Data excerpt:
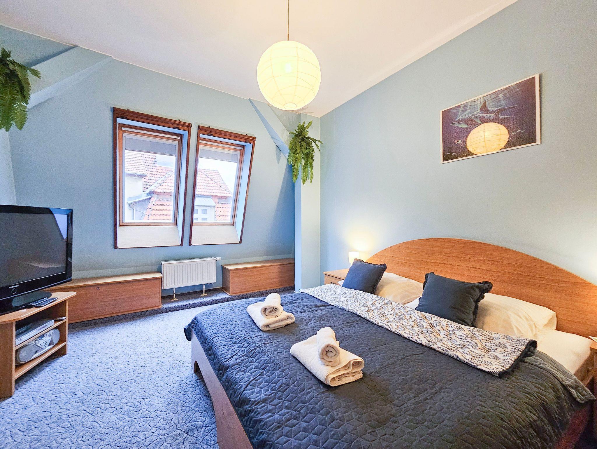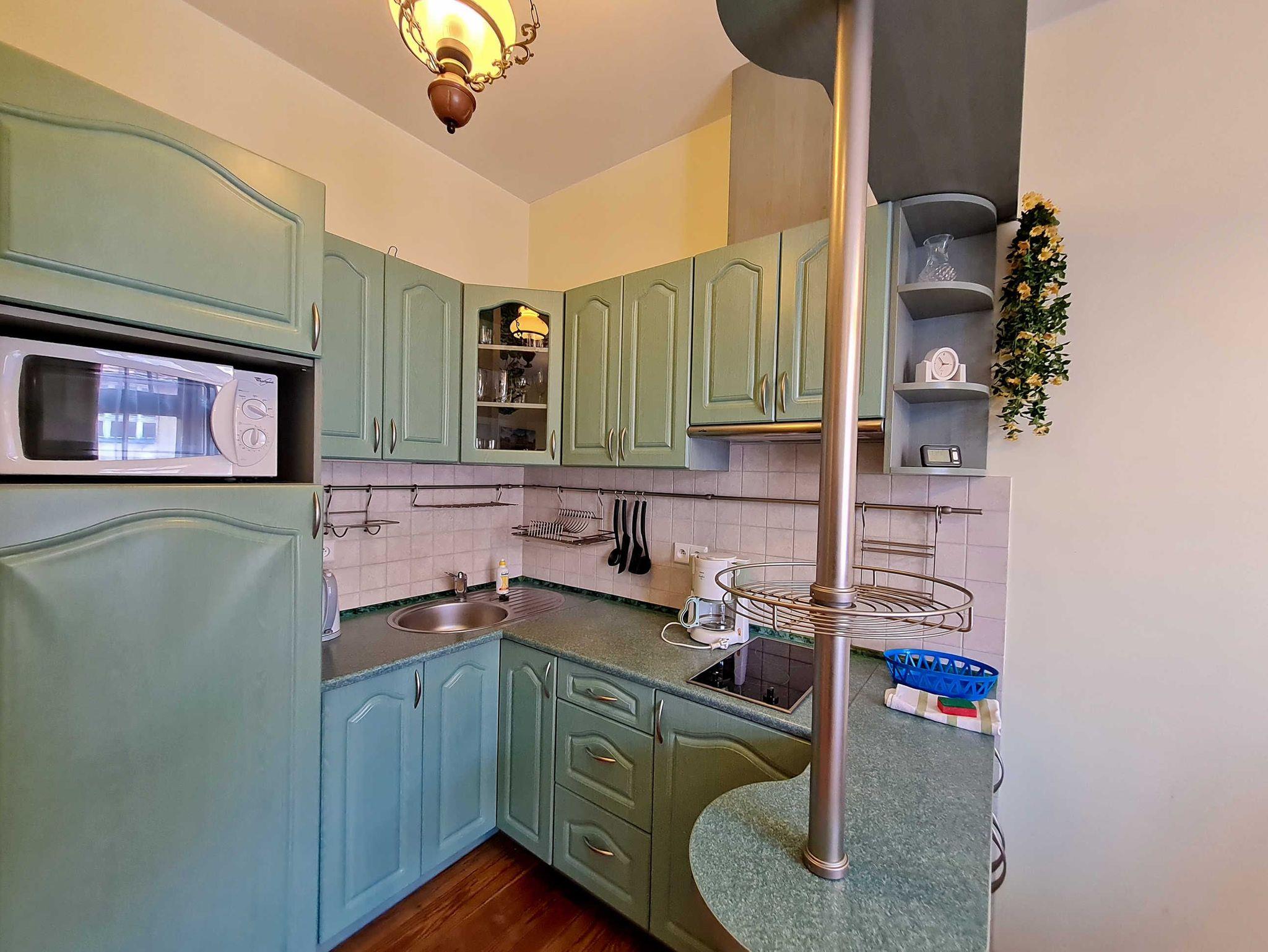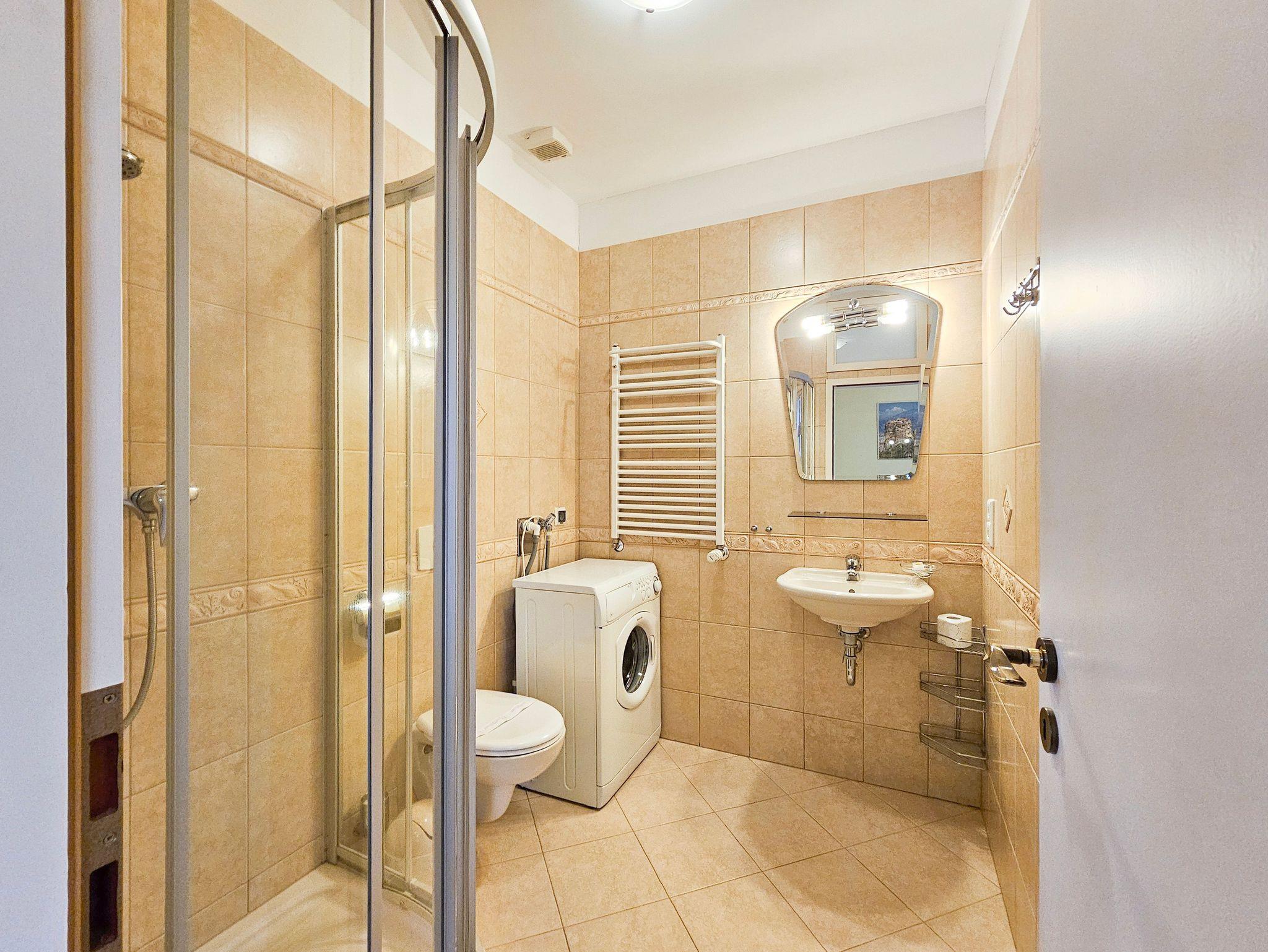 Eine komfortabel eingerichtete 2-Zimmer Wohnung mit Schlafzimmer mit Ehebett (160 x 200 cm) und Wohnzimmer mit Doppelcouch (140 x 200 cm) und Küchenzeile. Wohnung ausgestattet mit Waschmaschine und Mikrowelle.
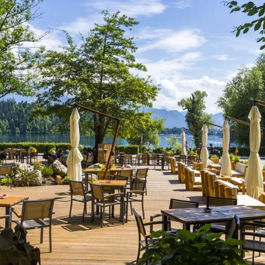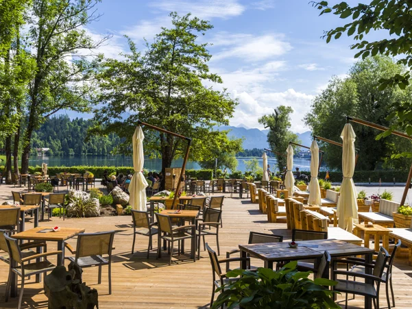 Na vhodu v kamp se nahaja založena samopostrežna trgovina in restavracija z lokalno in mednarodno kulinarično ponudbo, v kateri vam pripravijo tudi obroke, ki jih lahko odnesete in zaužijete v zavetju svoje namestitve v naravi. Kamp vsak dan obišče tudi pek. Na Bledu pa priporočamo Kavarno Park, kjer vam postežejo Originalno blejsko kremno rezino ali odličen naravni sladoled, ponujajo pa tudi raznoliko paleto slovenskih in mednarodnih jedi.
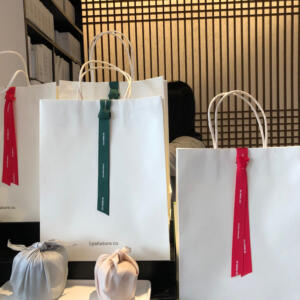こちら紙袋自体はシンプルですが、別途取り付けられた口留めのシールやリボンがポイントになっています。

What the task requires: No pictures belong in the output. It should reproduce exactly the lines from the one containing "Na vhodu v kamp" through the end of the data, both ends included.

Expected answer:
 Na vhodu v kamp se nahaja založena samopostrežna trgovina in restavracija z lokalno in mednarodno kulinarično ponudbo, v kateri vam pripravijo tudi obroke, ki jih lahko odnesete in zaužijete v zavetju svoje namestitve v naravi. Kamp vsak dan obišče tudi pek. Na Bledu pa priporočamo Kavarno Park, kjer vam postežejo Originalno blejsko kremno rezino ali odličen naravni sladoled, ponujajo pa tudi raznoliko paleto slovenskih in mednarodnih jedi.
こちら紙袋自体はシンプルですが、別途取り付けられた口留めのシールやリボンがポイントになっています。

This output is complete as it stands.